Closed Bug 443329 Opened 16 years ago Closed 14 years ago

Consolidated test failure reporting

Categories

(Release Engineering :: General, defect, P3)

defect

Tracking

(Not tracked)

RESOLVED FIXED

People

(Reporter: mtschrep, Assigned: murali)

References

Details

(Keywords: intermittent-failure)

Attachments

(5 files, 6 obsolete files)

(spinoff of Bug 443090)

Bug 443090 should be dedicated to unifying the logging of our test suites to make them easier to parse. This bug will be about getting those test failures into one unified log to make them easier to analyze.

This requires:

1) Scraping all of the build logs
2) Taking any test failures and unifying them into something like:

BUILDID/BUILDTIME | TESTTIME | TESTNAME | MACHINE(from this we can map to OS) | MSG | link to full log

A single text file per tree (accessible over HTTP) with 1 line per test failure would be fantastic.  I'll take other solutions if they are easier... 

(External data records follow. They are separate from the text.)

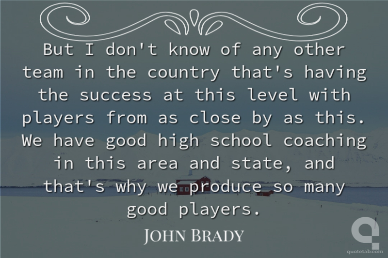 But I don't know of any other team in the country that's having the success at this level with players from as close by as this. We have good high school coaching in this area and state, and that's why we produce so many good players.
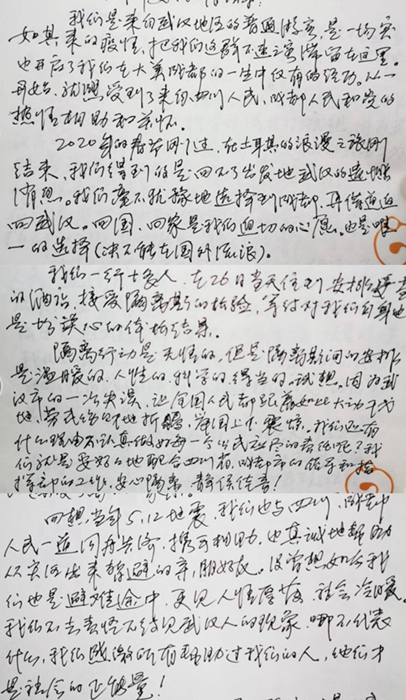 这是1月27日,一名滞留成都的武汉旅客刘大伟(化名)向四川人民发来的感谢信。
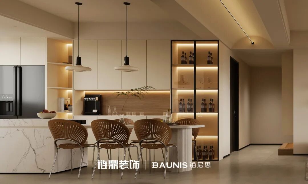 餐厅区域也超绝!大理石岛台配藤编座椅,自然质感满分,日常用餐或朋友小聚都仪式感拉满。餐边柜的玻璃格藏着酒瓶、酒杯,暖光一亮,微醺氛围感直接拿捏~💓
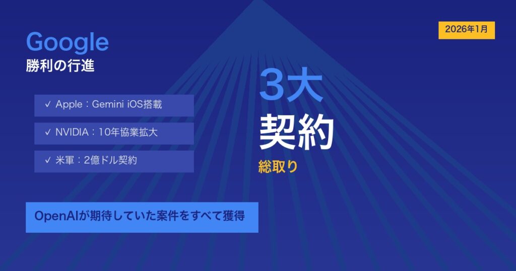 【Google勝利の行進】Apple・NVIDIA・米軍と相次ぐ大型契約|OpenAIが期待していた案件を総取り
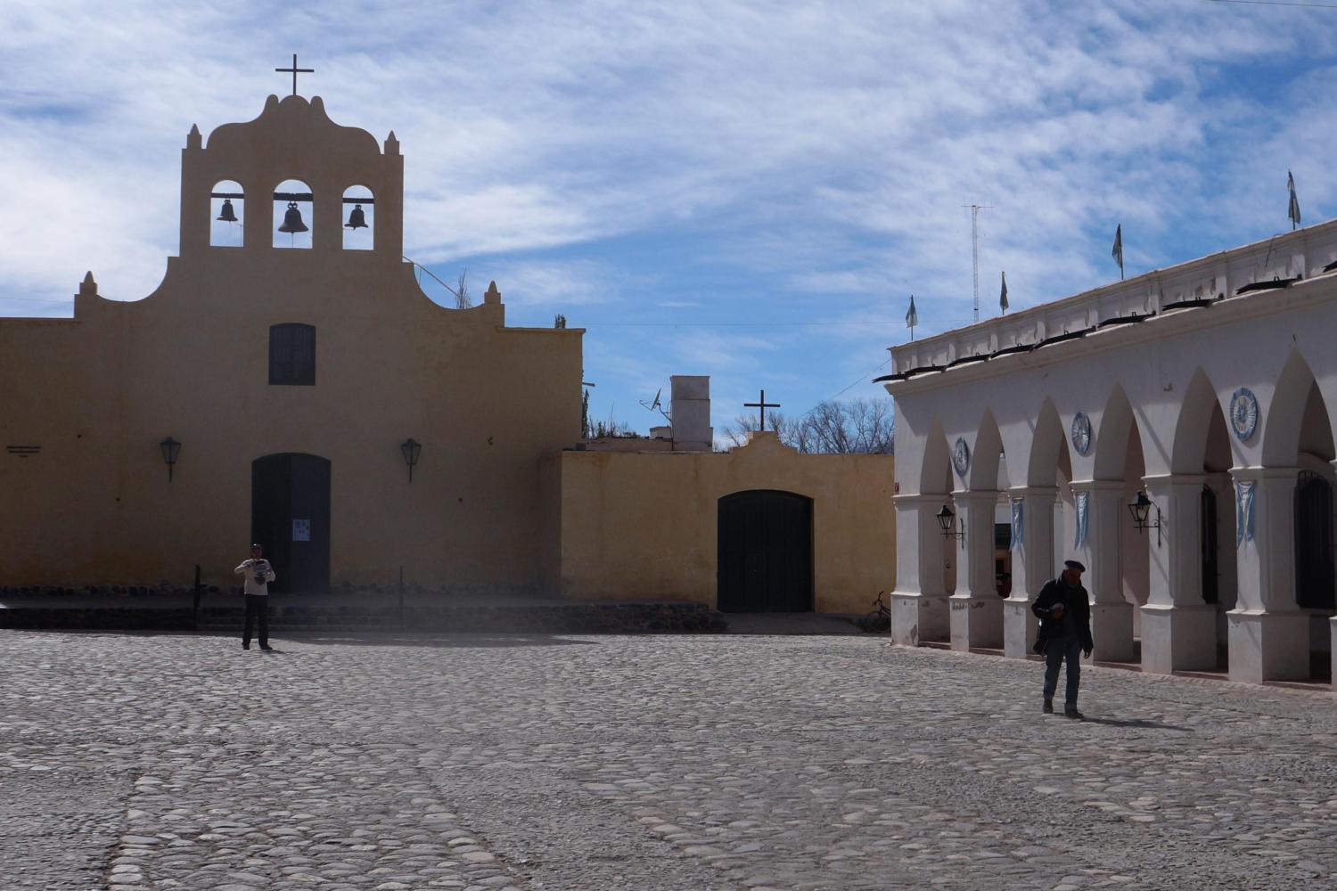 I didn't have spares, but there's still a small bit of wear left in the pads. All I have to do is tighten up the brake-calibers so the pads reach the rim. To do this I unload the bike and set up workshop in the village plaza. I get a few spectators while anxiously working with allen key, hoping what brake wear I have will get me back to Salta, minding there's a long descent on the way. I get asked all the usual questions, where and when I began cycling. Where I'm cycling next of a big man. Then his wife come along and asks me the same questions, again.
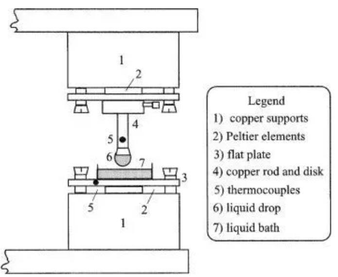 Monti后來和同事們做了這樣一種裝置,上面的儀器懸掛著一滴液體,下面是同樣液體形成的水平液面。
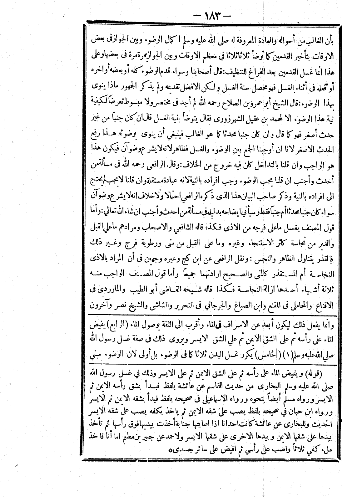 [وانما يفعل ذلك ليكون أبعد عن الاسراف في الماء وأقرب إلى الثقة بوصول الماء (الرابع) يفيض الماء على رأسه ثم على الشق الايمن ثم علي الشق الايسر ويروى ذلك في صفة غسل رسول الله صلي الله عليه وسلم (الخامس) يكرر غسل البدن ثلاثا كما في الوضوء بل أولى لان الوضوء مبني]

Lukas you are already doing most of this so I'll send this your way :-)
Blocks: 443323
FWIW, this will go a long way towards fixing some of the issues in bug 431900 that prevent developers from caring about the output of these boxes. If it's easier o find real failures, these machines may become useful again.
This would be huge help for two (related) problems I've had to deal with:

1) Figuring out if a failure is just a 1-off glitch, or something that happens repeatedly (albeit infrequently). Bug 433097 is an example of something that seemed to just happen briefly, but it's hard to have high confidence that it was really a one-time glitch without spending an inordinate amount of time trolling through logs.

2) Figuring when an intermittent test failure started. Example: bug 425987 was a problem that grew worse slowly over time, and eventually the box started failing constantly. Pulling data out of historical logs was a huge pain. In this case the result was a trend, but in other cases it might help point to a specific regression range.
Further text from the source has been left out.